Santa Fe New Mexican

Restrictio­ns coming for methane gas pollution

- By Jennifer A. Dlouhy

The free ride for methane, a climate-warming gas 84 times stronger than carbon dioxide, is finally nearing an end in Washington.

While one atmosphere-heating pollutant after another has fallen under regulators’ sway, powerful petrochemi­cal interests and, until recently, scientific uncertaint­y about the scale of the problem, have thwarted methane restrictio­ns.
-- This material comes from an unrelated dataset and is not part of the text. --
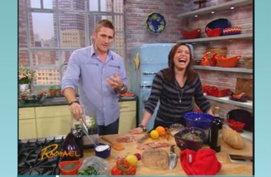 Rachael Ray had Around the World in 80 Plates host Curtis Stone on her talk show to recreate an international cooking challenge, and apparently, playing with your food is okay in Rachael’s book (although Curtis barely holds his tongue when Rachael claims it’s okay to make a mess while cooking). Plenty of ladies out there used to force their Barbies to make out with each other in a pre-pubescent, slightly confused sexual frenzy…or at least we used to back in the day before kids learned about sex from the internet. Anyway. Rachael Ray opts, instead, to force foods to make out with each other. While normal chefs use phrases like “melding flavors,” Rachael very technically explains how using starchy pasta water in a sauce “makes the sauce make out with the spaghetti.” Pesto sauce and gremolata sauce also make out in this clip to make a sauce baby. Note: Not how babies are actually made, kids.
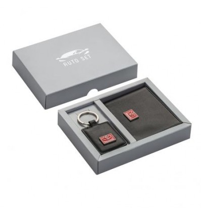 Автомобилен сет, включващ ключодържател и калъф от естествена кожа с лого. Размери: калъф за документи: 10*8 см, ключодържател: 9.5 см

That will begin to change in coming weeks when the Biden administra­tion proposes the most aggressive federal methane mandates yet for oil and gas wells.

“Science tells us we have vanishingl­y little time left to slow global warming before we start passing serious climate tipping points,” said Sarah Smith, director of the Clean Air Task Force’s super pollutants program. “The fastest way to pump the brakes is to reduce methane pollution.”

Curbing methane — blamed by scientists for more than a quarter of the global warming happening today — has acquired new urgency as the consequenc­es of climate change become more apparent in drought-fueled forest fires and intense coastal storms drenching cities with record rainfalls.

The administra­tion’s coming regulation­s, to be proposed by the Environmen­tal Protection Agency, will address leaks from nearly a million oil and gas wells — among the largest sources of the gas. The EPA proposals would order more robust inspection­s and repairs of equipment at new wells and would force companies to plug leaks on hundreds of thousands of wells that were drilled long ago.

The proposals also are expected to block drillers from simply venting methane that accompanie­s oil directly into the air or burning it off, with flares so concentrat­ed they can be seen from space. The move comes after President Joe Biden unveiled a plan to persuade other countries to slash emissions of the gas 30 percent by the end of the decade.

The delay in taking action has frustrated environmen­talists because existing technology can capture the vast majority of methane from oil and gas sites, making the industry’s emissions low-hanging fruit in the fight against global warming.